Я беспокойно смотрю на него.
– Ты уверен?
Он кивает.
– Ну, тогда ладно. Выкладывайте, – говорю я врачу.
Ее глаза блестят.
– Поздравляю! У вас будет девочка.
Я задыхаюсь, кислород, кажется, перестает поступать в легкие. Пульс учащается, и кажется, что все окружающее, весь мир вдруг становится четче. Цвета кажутся ярче, воздух – прозрачнее, и все происходящее – эта жизнь внутри меня – вдруг ощущается настоящим.
– У нас будет девочка, – выдыхаю я, оборачиваясь к Такеру.
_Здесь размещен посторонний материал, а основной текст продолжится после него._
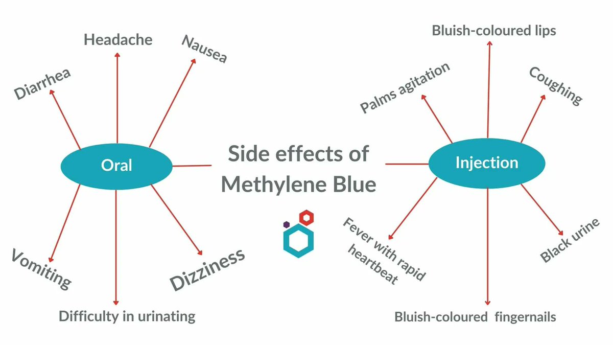 5⃣MB can cause: ❌Hemolytic anemia (in G6PD deficient individuals) ❌Tissue necrosis at injection sites ❌Dangerous blood pressure spikes ❌Heart arrhythmias ❌Oxidative stress (yes, the "antioxidant" becomes a pro-oxidant) The serotonin syndrome risk is REAL. Multiple deaths reported when MB combined with SSRIs/antidepressants. MB acts as an MAOI at higher doses, causing: ❌High fever ❌Muscle rigidity ❌Seizures ❌Potentially fatal neurochemical chaos

Взгляд у него почти благоговейный.
– У нас будет девочка, – шепчет он.
Доктор позволяет нам принять эту новость, а затем, прокашлявшись, продолжает:
– В целом все выглядит отлично. Ребенок здоровый, сердечный ритм уверенный и ровный. Продолжайте принимать витамины, старайтесь не перенапрягаться, увидимся через четыре недели.
У двери она задерживается и подмигивает Такеру.
– Касаемо того, о чем вы спрашивали: все функционирует как обычно.
Как только она выходит, я хмурюсь, глядя на него.
– О чем ты спрашивал?
Он загадочно пожимает плечами.
– Просто вопрос отца. – Он берет меня за руку. – Пошли. Хочу показать тебе кое-что, прежде чем отвезу домой.
Я морщу лоб.
– Показать мне что?
– Это сюрприз.
– Разве мы не установили, что я не люблю сюрпризы?
Он смеется.
– Поверь, этот тебе понравится.
27
Сабрина
– Что мы тут делаем? – спрашиваю я через пятнадцать минут, оглядывая улицу, на которую только что повернул Такер. Район кажется недостроенным. Он расположен всего в пяти минутах от моего дома, поэтому, конечно же, неудивительно, что вид у него не ахти.
– Терпение, – говорит он с упреком, паркуясь у обочины десятиэтажного кирпичного дома.
Я собираю все оставшееся терпение и жду, когда он откроет мою дверь. Этот парень не позволяет мне открывать дверь машины. Как будто не понимает, что у меня тоже есть руки.